This is the 3rd guest post from Roger Pielke Sr. here at THB (Thanks Dad!). You can find his first two posts, on carbon dioxide and land use change, here.
Climate discussions focus on global average surface temperatures as the main target for climate policy – such as in the familiar 1.5 and 2 degree Celsius targets of the Paris Agreement. However, ocean heat content offers a far more robust metric for diagnosing global warming – in technical terms, a positive top of the atmosphere radiative imbalance — and which hereafter I’ll call the planetary radiative imbalance.
A 2003 paper of mine may have been the first to propose using ocean heat content change to quantitatively diagnose the planetary radiative imbalance as part of climate monitoring.

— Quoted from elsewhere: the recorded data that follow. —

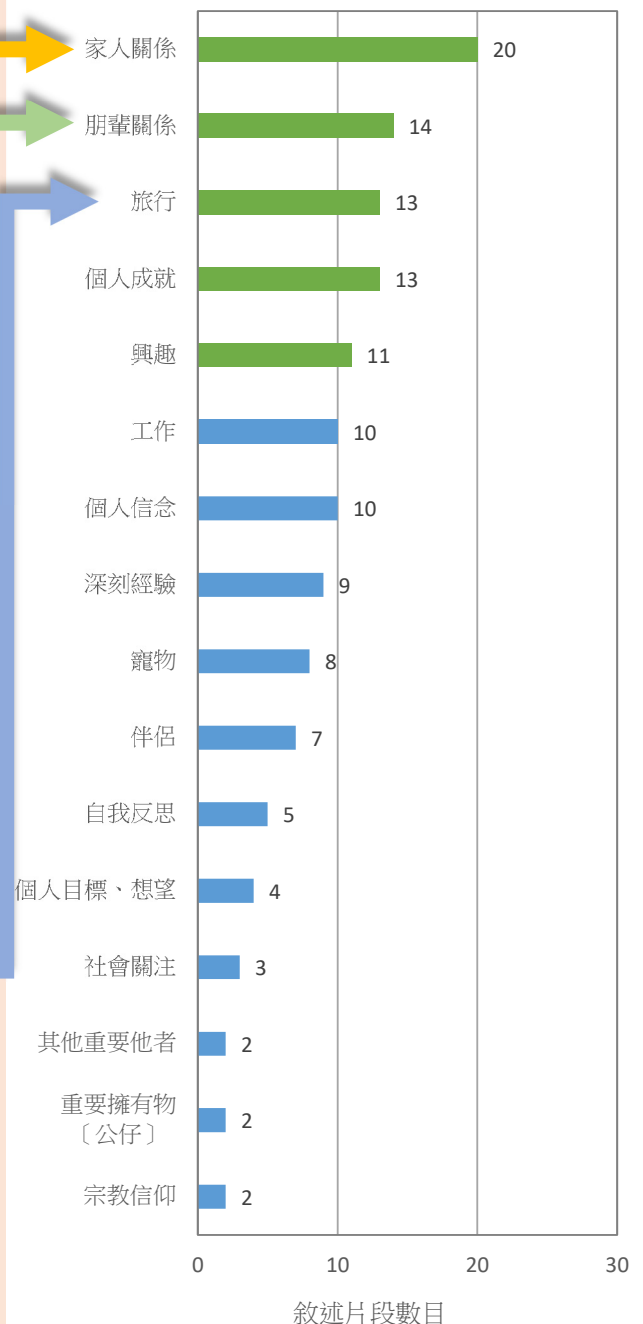
圖一 受訪青年人對於「帶給自己生命意義的事物」的照片敘述分佈

「遊歷」在我人生是好重要，因為我覺得世界這麼大，是應該要去不同的地方去 explore 一下；我覺得「遊歷」是在充實我的人生，讓我知道更加多這個世界其他的地方是怎樣。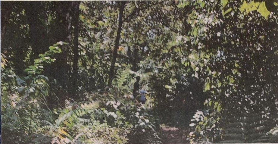
■ Beberapa lelaki melarikan diri ketika tinjauan Sinar Harian bersama jawatankuasa JKP Zon 19.

“Kita sentiasa berjumpa penduduk yang mengetengahkan perkara ini, terutama berkaitan penyalahgunaan dadah dan tindakan telah kita ambil terhadap penagih ini, termasuk dalam kes ini,” katanya.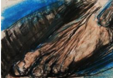
Fabio Linari-II piede di Mercurio, 2006-pastello ad olio, cm 20,5x29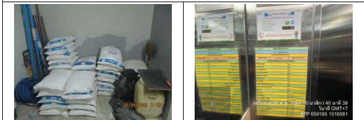
รูปที่ 15 พื้นที่เก็บสารเคมี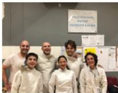
Nos jeunes adultes de la section AB escrime dans la salle d'armes François Kayser au Palais des Sports du Lauga

Of course, science is a cumulative endeavor. My motivation to associate ocean heat content changes with the radiative imbalance came from earlier work. Forty-five years ago, Ellis et al. related the annual warming and cooling of the Earth’s ocean to the global average planetary radiative imbalance. They presented this annual variation in heating rate in units of watts per meter squared (or W/m^2).
Understanding units of energy and energy transfer can be challenging. Before we continue, let’s briefly discuss the units of energy and energy transfer that are the focus of this post.
A watt is a unit that describes the transfer of energy. A watt per square meter refers to the transfer of energy over a square meter. A watt is a Joule per second and a Joule is a measure of energy. To illustrate, it takes 4,184 Joules to raise a kilogram of water(2.2 pounds, or about 4.25 cups) by 1 degree Celsius. If we apply one watt to our pot of water, for example, we need to do that for 4,184 seconds to increase that kilogram of water by one degree Celsius. The area of the sphere represented by the top of Earth’s atmosphere (technically, at the tropopause for estimates of radiative forcing) is more than 510 million square kilometers, so even a small increase in watts per square meter can result in a very large change in total planetary energy. It is also why values expressed in Joules are so large.
Back to ocean heat content . . .
Ocean heat content is the energy that accumulates in the ocean as a result of the planetary energy imbalance due to added carbon dioxide, other greenhouse gases, aerosols and other human and natural forcings. Most of this accumulating energy in the overall planetary system winds up in the oceans.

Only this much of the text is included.